In the fourth session, moderated by Américo Monteiro, Maria Clara Murteira, elaborated on the topic: “High levels of precariousness, inequalities, and of income and job insecurity — issues highlighted by the pandemic. Necessary measures at social, economic and political level in Europe to promote everyone's well-being, especially of the poorest.”  Professor Maria Clara Murteira began her speech with the sentence “The vulnerabilities that characterize the present world are systemic in nature.” Solving them requires systemic changes, which include the transformation of economic and social structures. The European Union's neoliberal policies have been making the world of labour more vulnerable. The monetary policy has been focused on controlling inflation and the stability of the Euro. If only supply strategies are left, and if such strategies just obey the primacy of competitiveness, companies compete on prices, which represents a permanent pressure on wage costs. If there are only supply strategies to relaunch jobs and growth, workers' rights and social rights start to come under pressure, and new and worse legislation appears.
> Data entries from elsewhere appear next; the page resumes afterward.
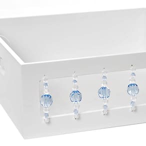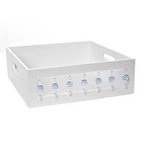 Organizese com essa bandeja confeccionada, especialmente, para levar praticidade e versatilidade para as mamães e com muito estilo. Afinal toda a magia da ambientação se manifesta através desses toques decorativos, que não podemos abrir mão Dados TécnicosBandeja em madeira MDF, pintura laqueada e decoração em acrílico. MedidasLargura: 28 cmComprimento: 28 cmAltura: 9,5 cm
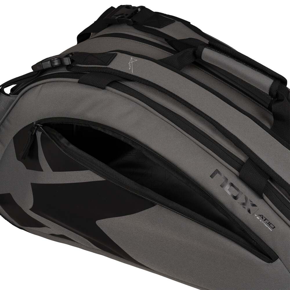 Discover the new TEAM padel bag collection, featuring a modern design in grey and black. The AT10 model, created for Premier Padel star Agustin Tapia, blends style and functionality for tournaments and matches.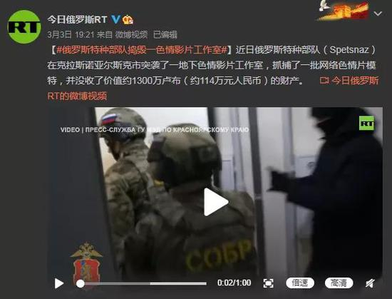 根据俄罗斯媒体的报道,近日俄罗斯国家近卫军特种快反部队(СОБР)在克拉斯诺亚尔斯克市突袭了一地下色情影片工作室。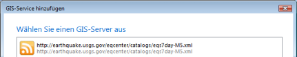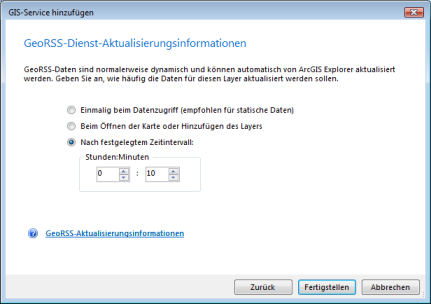 In gleicher Weise können Sie mit ArcGIS Explorer einen Online-Dienst abonnieren, der geographische Informationen beinhaltet und in einem der unterstützten GeoRSS-Formate codiert ist.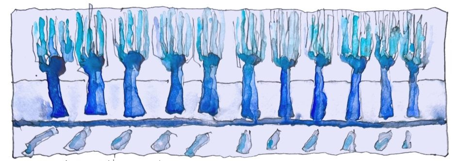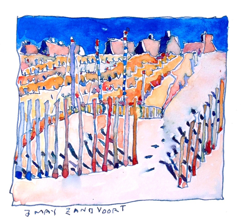 I had just started drawing with a Japanese blue ink (Sailor Sei-Boku). The color goes well with all the Dutch water. You can almost match the ink color with a mixture of French ultramarine and Indian red.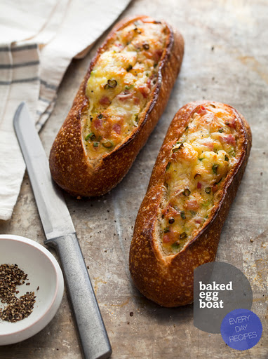 4. Divide and pour the mixture into each baguette boat and place onto a baking sheet.

The critical issue is competitiveness, and labour and social rights are now subordinated to the imperative of competitiveness; they have become means to promote the efficiency of the labour market, and to promote the economies' external competitiveness

The fifth session was moderated by Maria das Neves Jesus, leader of LOC/MTC in the Diocese of Porto, and the speaker was José Luís Molina García who addressed the topic: How to put the individual at the centre, with dignity, in the employment, social and economic organization model, taking advantage of the clear lesson from this pandemic?

He developed his reflection clarifying that, within the economic system we live in, there is a temptation to look for ways out within the system itself, but he wanted to share with us another logic — the logic of the Christian perspective. The economy, which has to be an instrument at the service of human needs, has placed itself at the centre and has become an end in and of itself, and that discards people.
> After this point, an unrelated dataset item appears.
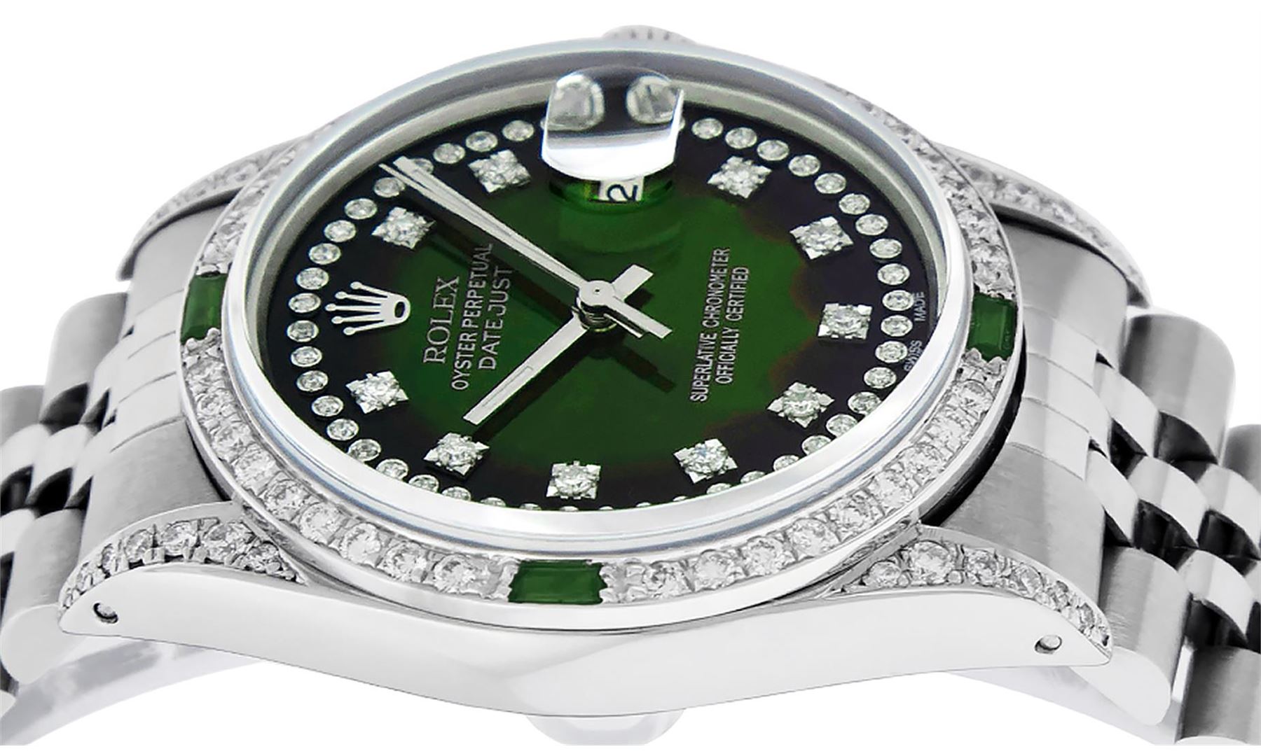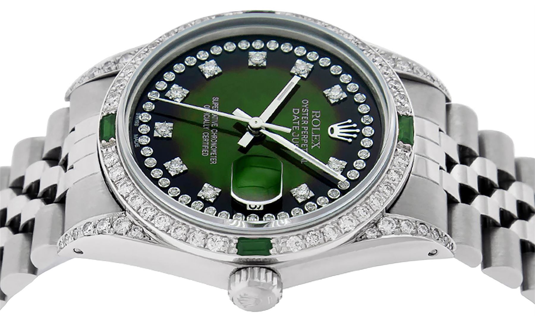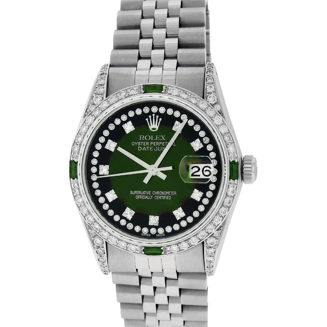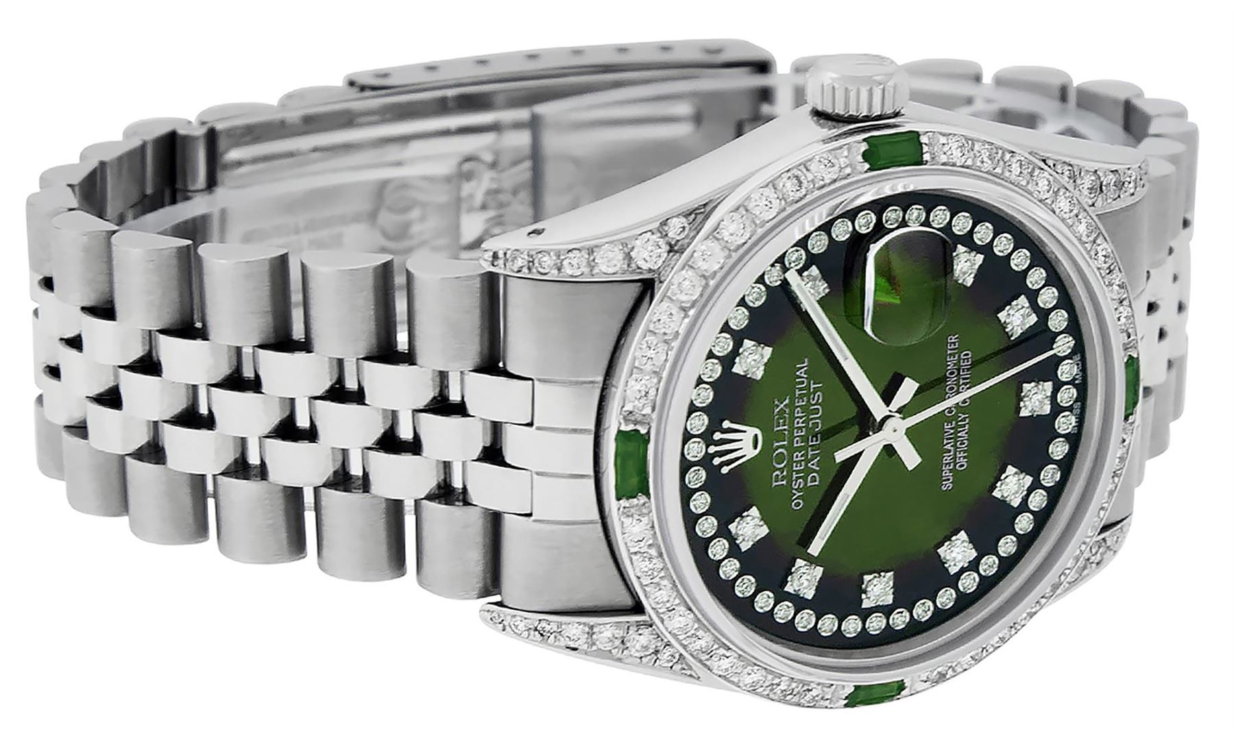 One Mens Rolex Datejust Polished Bright with Satin Finish, Serviced & Electronically Tested, Stainless Steel Case: 36mm, Custom Diamond Lugs: 28 Diamonds In Lugs, Color: G to H, Clarity: SI-VS. Stainless Steel Crown, Custom Bezel: 18K White Gold Diamond + Emerald Beadset, Diamond Count: 36 Diamonds + 4 Emeralds, Total Weight 1.00 Carat, Clarity: SI-VS, Color: G to H. Custom Crystal: New Scratch Resistant Synthetic Sapphire Cyclops Lens. Custom Hands: New Luminescent Hands. Movement: Automatic Winding Movement Caliber 3035. Custom Dial: Green Vignette String Diamond Dial, Stone Count: 58 Diamonds In Dial, Diamond Color: G To H In Color, Clarity: SI-VS. Date Window: 3 O'Clock Position Date Display, Quickset, Model: Datejust Condition: G-6 Extra Fine. Bracelet: Stainless Steel Jubilee Band. Bright Polish & Satin Finish. 7.0 Inch Length, Adjustable. Standard Clasp, With Rolex Logo. This Watch Has Been Serviced And Polished And Its Free Of All Dents And Scratches.

We are not living times of change, but in a change of times; things are not changing in the world, it's the world itself that is changing.

We have to move away from the logic of profitability to a logic of gratuity. We must rethink the economy, believing that the economy can be something different. We are not doomed to selfishness; economic growth as an indisputable dogma is not the answer. It does not respond to human needs, but only to the drive for profit. We need a new mindset!

We concluded the work with a thematic visit to the District Resources Backup Centre for patients with Covid-19, to see the difficulties encountered in the reception and treatment of patients with Covid-19, and the resulting scars in the health of patients who survived. We had a conversation with Sónia Tereso, who helped us understand the difficulties experienced by the institution that made this space available to the Ministry of Health, and the challenges and transformations that the institution underwent during the most acute period of the pandemic.